Copy all entries verbatim and keep any pictures out of the copy.
**** Material for this task
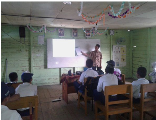
Gambar 2. Aktivitas siswa dan guru pada langkah question

Dalam tahap ini guru memberikan tugas untuk membuat pertanyaan tentang materi yang telah dilihatnya pada powerpoint dan guru memerintahkan siswa untuk mengutarakan pertanyaannya.
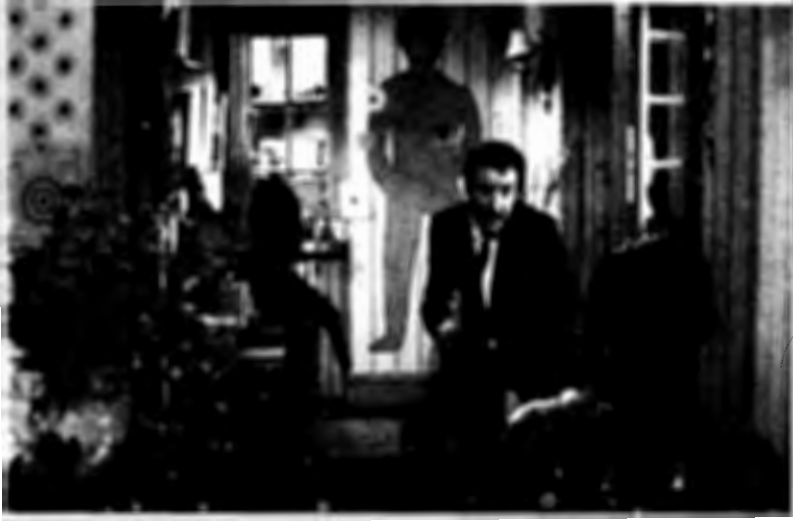
فيلم عودة الفهد الوردي

ويحضرني هنا مثال جيد لهذه النقطة بالذات ، عن قصة رجل تم اغتيال أخيه . ولقد حاول كاتب السيناريو بأقصى طاقته دون أن يصل إلى حل يقدم به الشخصيات الرئيسية - بما فيها المرأة التي قامت بمهمة القتل - مبكرا بقدر كاف .
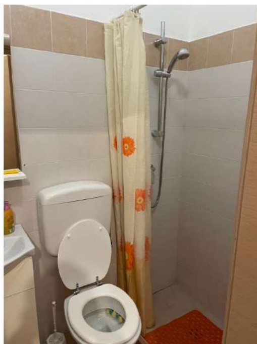
Figura 8: Lotto 2 - Piano Terra servizi igienici ai quali si accede dalla seconda camera da letto di cui alla foto precedente
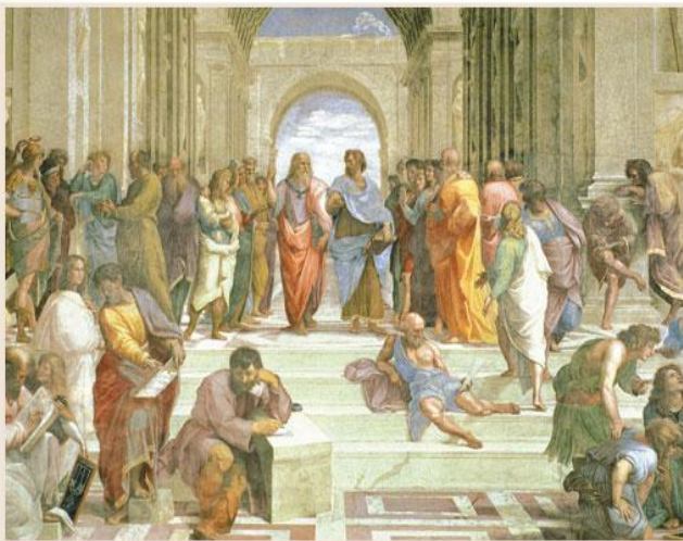
Рафаэль. Афинская школа. Фрагмент

Этика изучает мораль. Слово «мораль» возникло в Древнем Риме и означает «при-
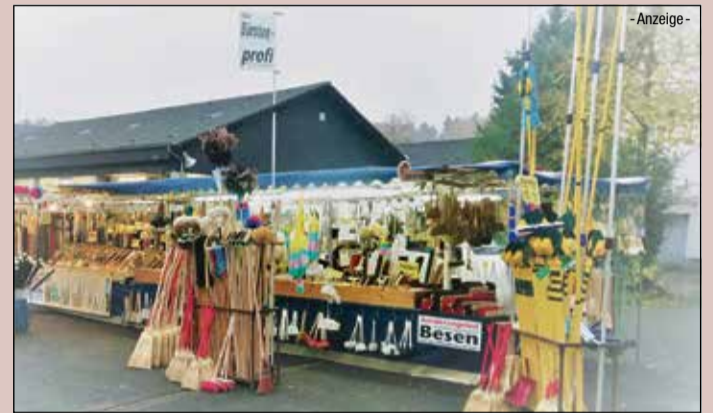
Der Bürstenprofi: Besen & Bürsten für jeden Einsatzbereich, Aluminiumteleskopstangen bis 12 Meter Höhe! Original Solinger & Schweizer Qualitätsschneidewaren. Eine Riesenauswahl an Hosenträger aus eigener Herstellung. Sie finden uns wie jedes Jahr oberhalb vom Festzelt. Wir freuen uns auf ihren Besuch.

Beerfelder Pferdemarkt... ...wo Tradition zum Volksfest wird. Wir sehen uns!
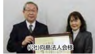
(公社)向島法人会様
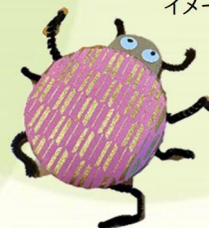
越前和紙の てんとうむし
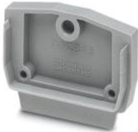
End cover, Length: 32 mm, Width: 4 mm

Please be informed that the data shown in this PDF Document is generated from our Online Catalog. Please find the complete data in the user's documentation. Our General Terms of Use for Downloads are valid ( http://phoenixcontact.com/download )
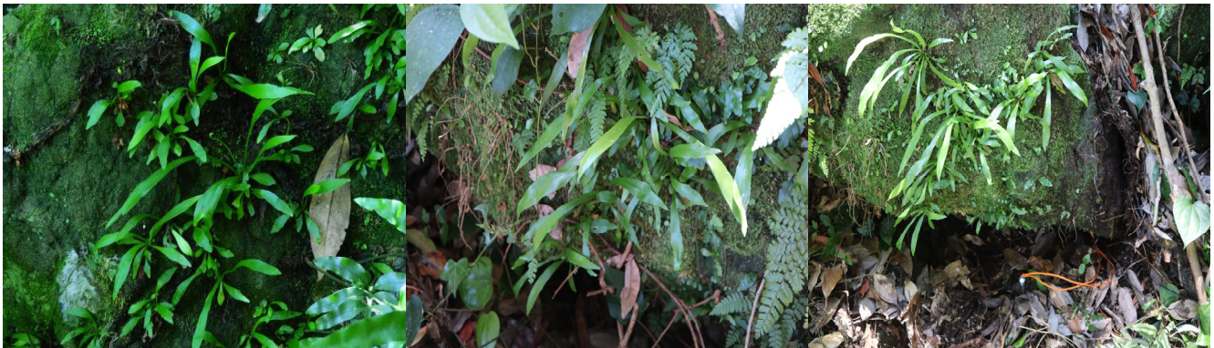
Figure 3. The seedling pictures of A. antiquum from left to right(monitoring site 1, site 2, site 3).

한편 기 설치된 문화재안내판은 오래되고 가독성이 떨어지므로 보수가 필요하며, 섬에 직접 오지 않으면 안내판 확인이 어려운 상황이다. 따라서 인근의 보목포구나 서귀포항 등지에 파초일엽 자생지에 대한 정보제공과 이용 안내를 위한 문화재안내판의 추가설치가 필요하다. 이번 연구가 천연기념물 파초일엽 자생지의 체계적인 관리를 위한 기초자료로써 유의미하게 활용될 수 있을 것으로 기대된다.
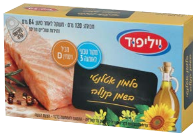
סלמון אטלנטי בשמן קנולה Atlantic Salmon in canola oil
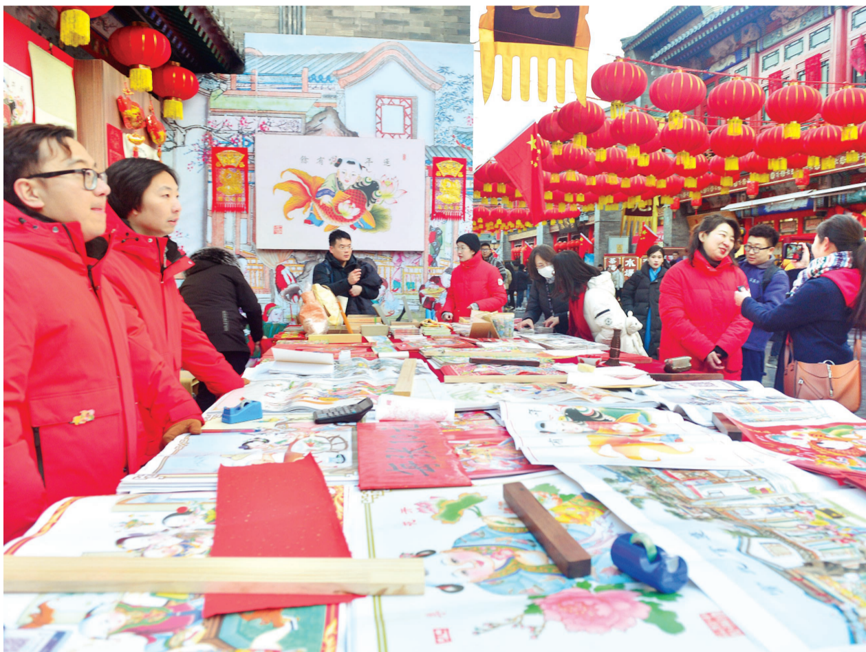
古文化街天津杨柳青画社的年画摊位吸引游客欣赏、选购。

“杨柳青年画的制作工艺采用‘半印半绘’的多色套印和手工彩绘相结合，工序繁多、绘制精细，视觉效果毫不逊色。”
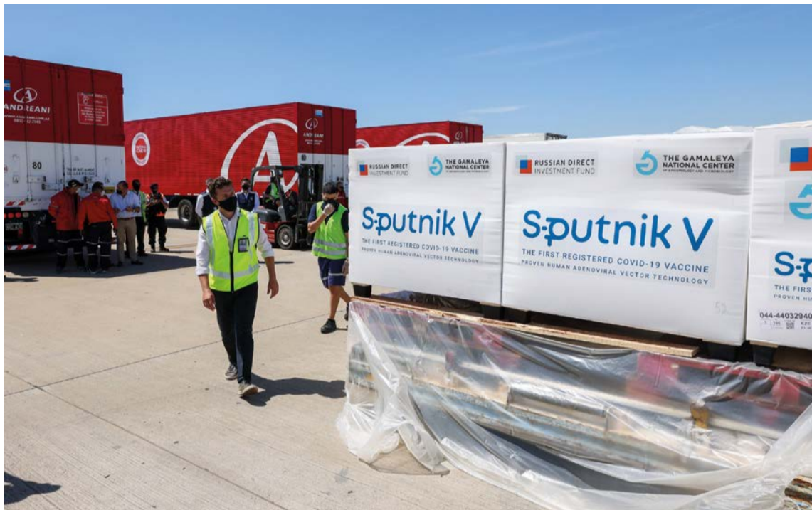
Arribo de un cargamento de vacunas Sputnik a la Argentina.
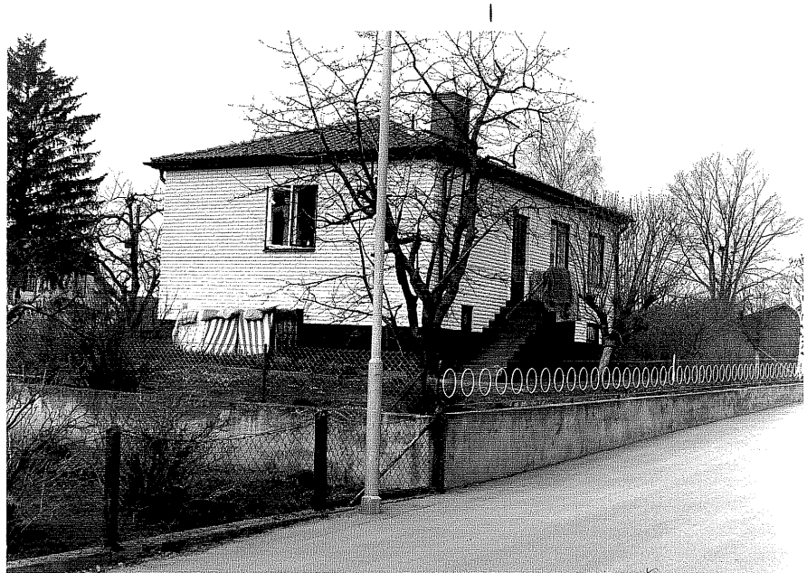
Bostadshus fr.O, 6:12.

Üdeshög sn Kanonen 2 Hemgårdsgatan 7 foto:M.Wikdahl,1978.
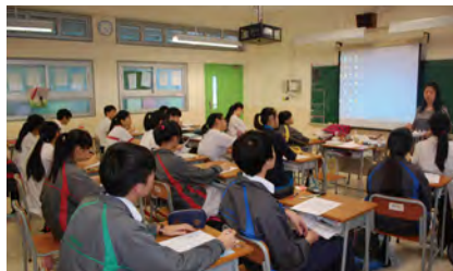
• 高中同學們參加中文科課後拔尖班，希望在香港中學文憑試取得更佳成績。

此外，學校更為有特殊教育需要同學提供語言及溝通訓練、社交訓練、讀寫訓練、親子園藝班、氣球藝術班及自理能力訓練等，同時亦為該類同學提供生涯規劃輔導，幫助同學更了解升學及就業出路。
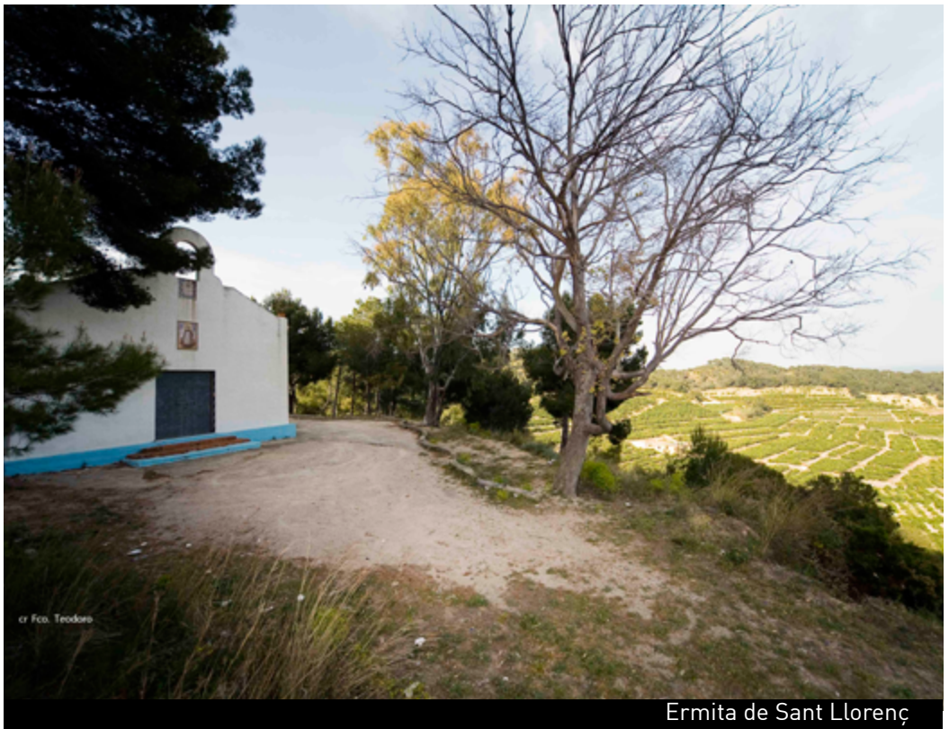
Ermita de Sant Llorenç

El traçat de les nostres muntanyes fan possible la pràctica d'esports com el senderisme, el ràpel o l'espeleologia. També es pot ascendir per una via ferrata o fer una passejada per les diferents sendes amb la bicicleta o muntats a cavall.
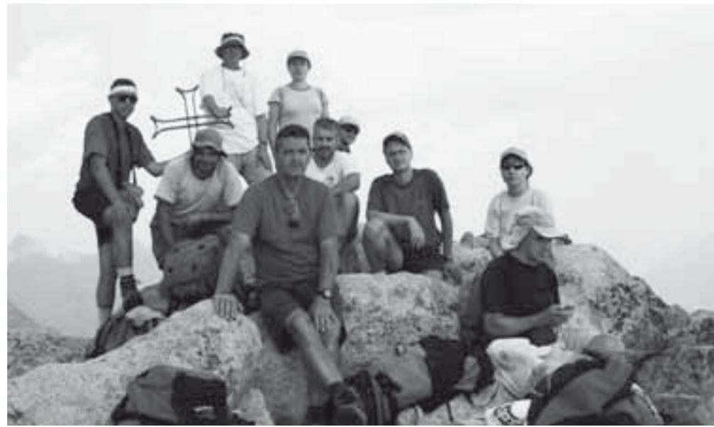
Cim del Tuc de Mulleres
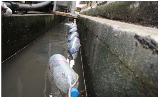
شکل ۳: جمع‌آوری تخم پشه توسط بطری‌های آب معدنی

B = وزن بوته چینی و محتویات آن پس از حرارت دادن در کوره
********
• Reply
Gambar 2. Aktivitas siswa dan guru pada langkah question

Dalam tahap ini guru memberikan tugas untuk membuat pertanyaan tentang materi yang telah dilihatnya pada powerpoint dan guru memerintahkan siswa untuk mengutarakan pertanyaannya.
فيلم عودة الفهد الوردي

ويحضرني هنا مثال جيد لهذه النقطة بالذات ، عن قصة رجل تم اغتيال أخيه . ولقد حاول كاتب السيناريو بأقصى طاقته دون أن يصل إلى حل يقدم به الشخصيات الرئيسية - بما فيها المرأة التي قامت بمهمة القتل - مبكرا بقدر كاف .
Figura 8: Lotto 2 - Piano Terra servizi igienici ai quali si accede dalla seconda camera da letto di cui alla foto precedente
Рафаэль. Афинская школа. Фрагмент

Этика изучает мораль. Слово «мораль» возникло в Древнем Риме и означает «при-
Der Bürstenprofi: Besen & Bürsten für jeden Einsatzbereich, Aluminiumteleskopstangen bis 12 Meter Höhe! Original Solinger & Schweizer Qualitätsschneidewaren. Eine Riesenauswahl an Hosenträger aus eigener Herstellung. Sie finden uns wie jedes Jahr oberhalb vom Festzelt. Wir freuen uns auf ihren Besuch.

Beerfelder Pferdemarkt... ...wo Tradition zum Volksfest wird. Wir sehen uns!
(公社)向島法人会様
越前和紙の てんとうむし
End cover, Length: 32 mm, Width: 4 mm

Please be informed that the data shown in this PDF Document is generated from our Online Catalog. Please find the complete data in the user's documentation. Our General Terms of Use for Downloads are valid ( http://phoenixcontact.com/download )
Figure 3. The seedling pictures of A. antiquum from left to right(monitoring site 1, site 2, site 3).

한편 기 설치된 문화재안내판은 오래되고 가독성이 떨어지므로 보수가 필요하며, 섬에 직접 오지 않으면 안내판 확인이 어려운 상황이다. 따라서 인근의 보목포구나 서귀포항 등지에 파초일엽 자생지에 대한 정보제공과 이용 안내를 위한 문화재안내판의 추가설치가 필요하다. 이번 연구가 천연기념물 파초일엽 자생지의 체계적인 관리를 위한 기초자료로써 유의미하게 활용될 수 있을 것으로 기대된다.
סלמון אטלנטי בשמן קנולה Atlantic Salmon in canola oil
古文化街天津杨柳青画社的年画摊位吸引游客欣赏、选购。

“杨柳青年画的制作工艺采用‘半印半绘’的多色套印和手工彩绘相结合，工序繁多、绘制精细，视觉效果毫不逊色。”
Arribo de un cargamento de vacunas Sputnik a la Argentina.
Bostadshus fr.O, 6:12.

Üdeshög sn Kanonen 2 Hemgårdsgatan 7 foto:M.Wikdahl,1978.
• 高中同學們參加中文科課後拔尖班，希望在香港中學文憑試取得更佳成績。

此外，學校更為有特殊教育需要同學提供語言及溝通訓練、社交訓練、讀寫訓練、親子園藝班、氣球藝術班及自理能力訓練等，同時亦為該類同學提供生涯規劃輔導，幫助同學更了解升學及就業出路。
Ermita de Sant Llorenç

El traçat de les nostres muntanyes fan possible la pràctica d'esports com el senderisme, el ràpel o l'espeleologia. També es pot ascendir per una via ferrata o fer una passejada per les diferents sendes amb la bicicleta o muntats a cavall.
Cim del Tuc de Mulleres
شکل ۳: جمع‌آوری تخم پشه توسط بطری‌های آب معدنی

B = وزن بوته چینی و محتویات آن پس از حرارت دادن در کوره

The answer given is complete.